The Inverse function theorem (9.24) is a special case of the Implicit function theorem (9.28), and its proof amounts to specializing the proof of the implicit function theorem. But Rudin proves the Implicit theorem as a special case of the Inverse theorem, so we have to do Inverse first. (NB for these two theorems we will assume that our target space is finite-dimensional; how far can you generalize to infinite-dimensional spaces?) Note that Rudin’s statement of the contraction principle (Theorem 9.23 on p.220) is missing the crucial hypothesis that $X$ be nonempty!

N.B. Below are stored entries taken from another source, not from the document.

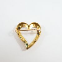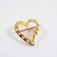 Broche cœur ajourée : en or jaune 750 mil sertie de petits diamant taille rose. (2x2cm environ) (Traces d'oxydation). Travail français. Poids brut : 2g
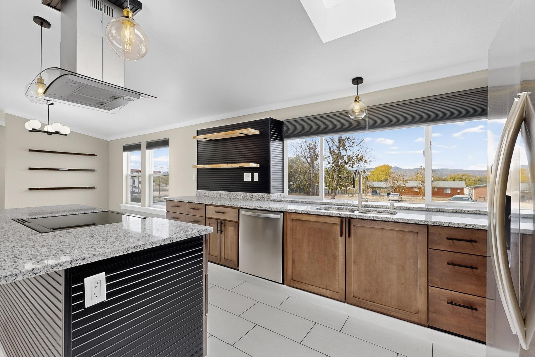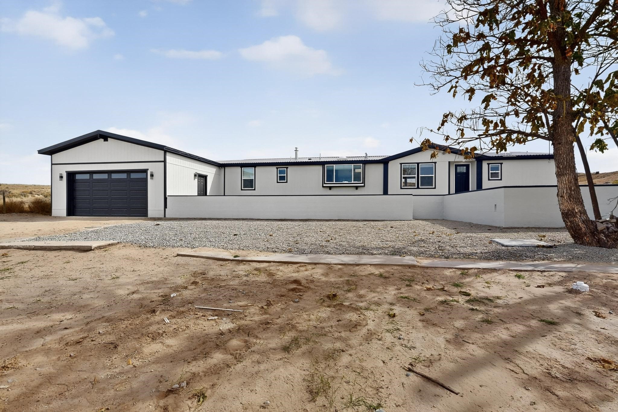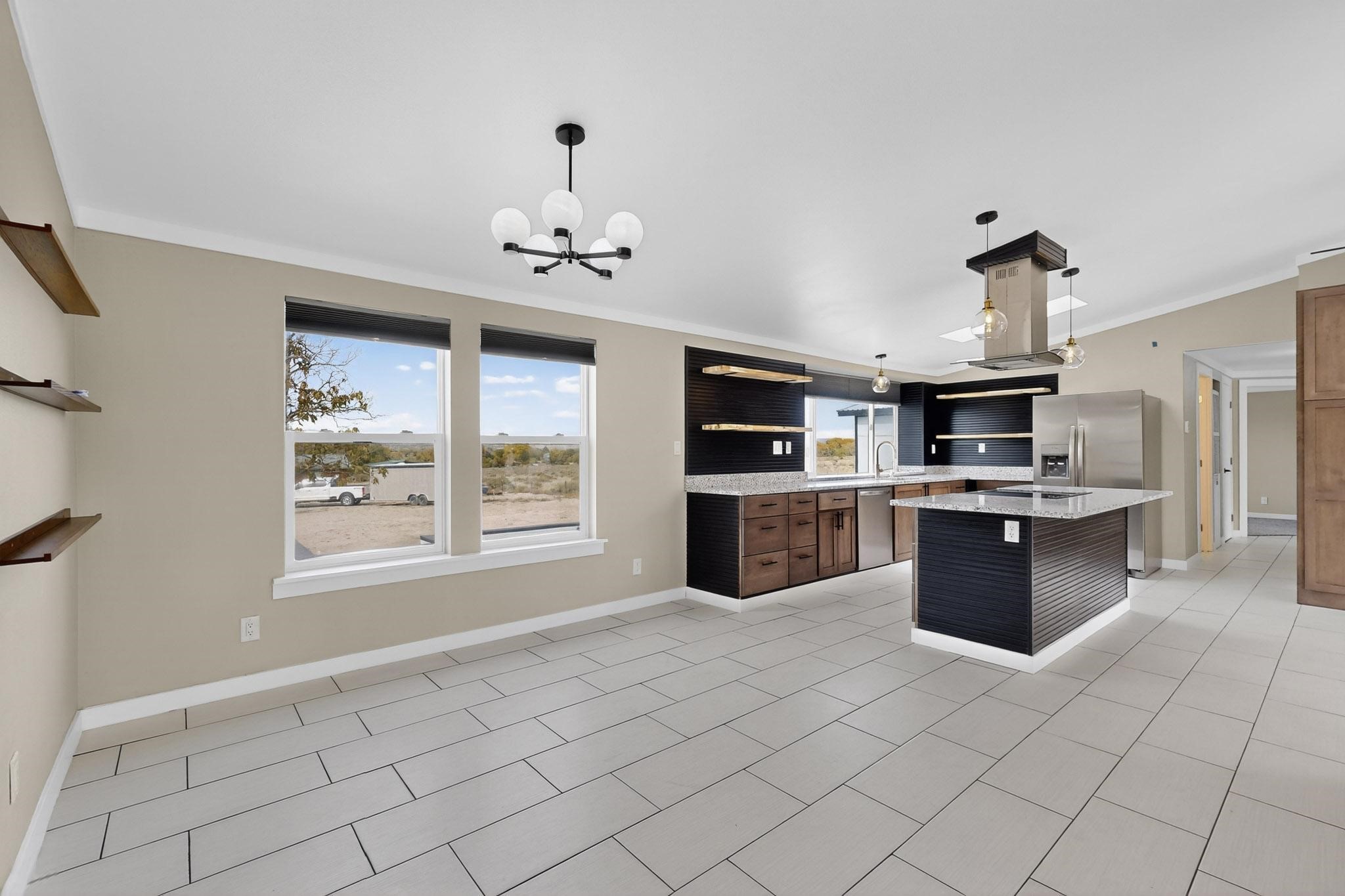 This beautifully remodeled 3-bedroom, 2 bath home offers modern comfort in a peaceful rural setting with spectacular views of the Jemez Mnts. Revel in the natural light that comes in through the 3 skylights. Enjoy a bonus room perfect for a home office or hobby space. Recent upgrades include new windows, new blinds, new roof, new tile flooring with plush carpet in the bedrooms, new lighting, and a new furnace and refrigerated air unit and new hot water heater. The kitchen has been thoughtfully redesigned with custom cabinetry, granite countertops and a new stainless appliance package.Home sits on a permanent foundation, with a new septic system and well improvements completed for peace of mind. Home also has an over sized 2-car garage. Property borders BLM land, providing privacy, open space and unmatched beauty right outside your door. Move-in ready and beautifully finished!!
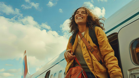 Happy young woman traveling on vacation with airplane boarding alone.
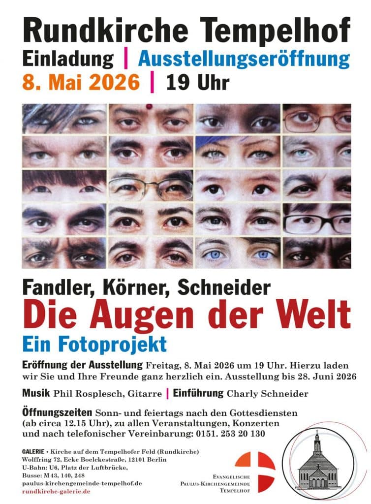 8. Mai 2026 – Ausstellungseröffnung von Charly Schneider und Martin Fandler vom Kunstforum Westerwald e.V. in Berlin Tempelhof Post Views: 6Beitrag veröffentlicht:25. April 2026Beitrags-Kategorie:KunstWeitere Artikel ansehen Vorheriger Beitrag> TSCHÜSS KUNSTRAUM <
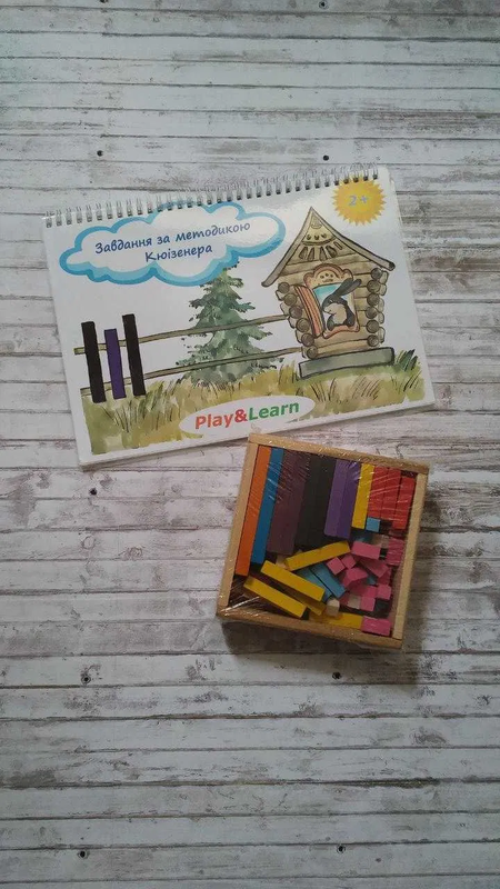 В набор входит: - 116 палочек Кьюизенера - Тетрадь с заданиями в формате А4. Палички К'юїзенера. Состоят из 116 деревянных призм, окрашенных в 10 разных цветов. Каждый элемент обработан и окрашен сертифицированной безопасной для детского здоровья краской. Детали отличаются формой и размерами. Например, у мельчайшего элемента – кубика – длина ребра составляет 10 мм. Подбор палочек проводится хитрым образом: из них можно сводить стены, домики и другие конструкции, путем сочетания различных цветов или пытаясь сконструировать фигуру из одноцветных элементов. Цвета и размеры палочек Кьюизенера позволяют заниматься моделированием и при этом невольно запоминать числа, осваивая смысл количества и сочетаний. В процессе игры с этими элементами появляется понимание кратности, ширины, длины и количества. Дети играют, строят и складывают палочки, невольно развивающие в них абстрактное мышление.
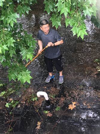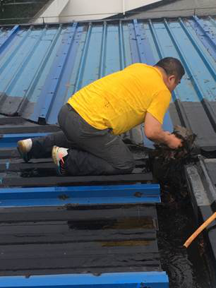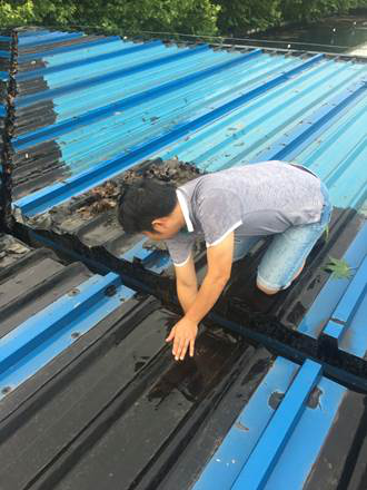 外面暴雨如注,馆内有如水帘洞。突击队借助梯子爬上攀岩馆屋顶,查明了漏水原因:由于长时间没有清理,树叶堵塞了下水口,致使屋顶排水沟积水无法下流而漏入馆内。几位同志冒着大雨小心翼翼地走在湿滑的、没有栏杆的铁皮屋顶上,寻找每一个下水口,然后趴着用手把树叶清理干净,积水很快排尽,攀岩馆漏水的问题解决了。
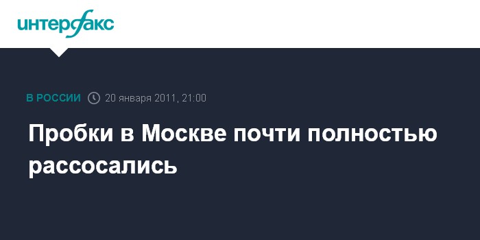 Москва. 20 января. INTERFAX.RU – Пробки на дорогах столицы почти исчезли. По состоянию на 21:00 мск индикатор аналитического центра "Яндекс.Пробки" оценивал ситуацию на дорогах столицы как 4 балла ("местами затруднения ") по десятибалльной шкале. Напомним, что в первой половине дня индикатор несколько часов подряд впервые в этом году фиксировал пробки 8 баллов.
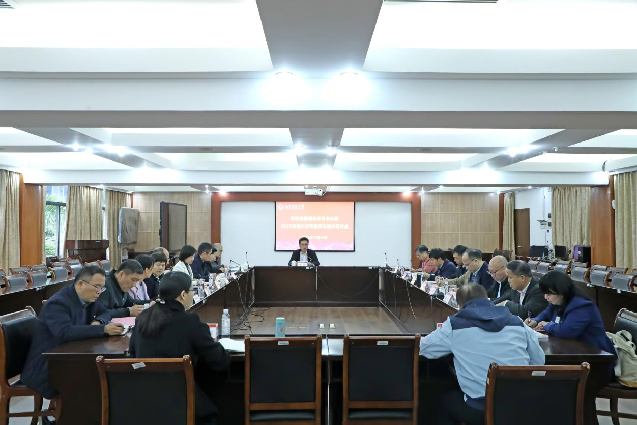 12月24日下午,学校党委理论学习中心组2025年第六次专题学习集中研讨会在明秀校区鸿远楼409会议室举行。学校党委书记张鹏主持会议。

The end of the proof of 9.24 could be simplified if Rudin allowed himself the full use of the hypothesis that $\bf f$ is continuously differentiable on $E$, not just at $\bf a$: differentiability of the inverse function $\bf g$ at ${\bf G} = {\bf f}({\bf a})$ is easy given Rudin’s construction of $\bf g$; differentiability at any other point ${\bf f}({\bf x})$ follows, since $\bf x$ might as well be ${\bf a},$ and then the derivative is continuous because $\bf g$ and ${\bf f}'$ are.

[We have seen that even in dimension $1$ there can be a function $\,f$ that is differentiable everywhere, and has $f'(0) \neq 0$, but is not locally injective near $0$, and thus has no inverse function. (Necessarily $f'$ is not continuous at $0$.) However, if $f'(x)$ exists and is nonzero for all $x$ in a neighborhood of $0$, then $\,f$ is injective by Rolle’s theorem, and then it does have an inverse function with the expected derivative. Remarkably this generalizes to higher dimensions (replacing “$f'$ nonzero” by “$f'$ invertible”), though the proof requires techniques from algebraic topology such as the Brouwer fixed point theorem instead of Rolle. See this Sep.2011 entry on Terry Tao’s blog.]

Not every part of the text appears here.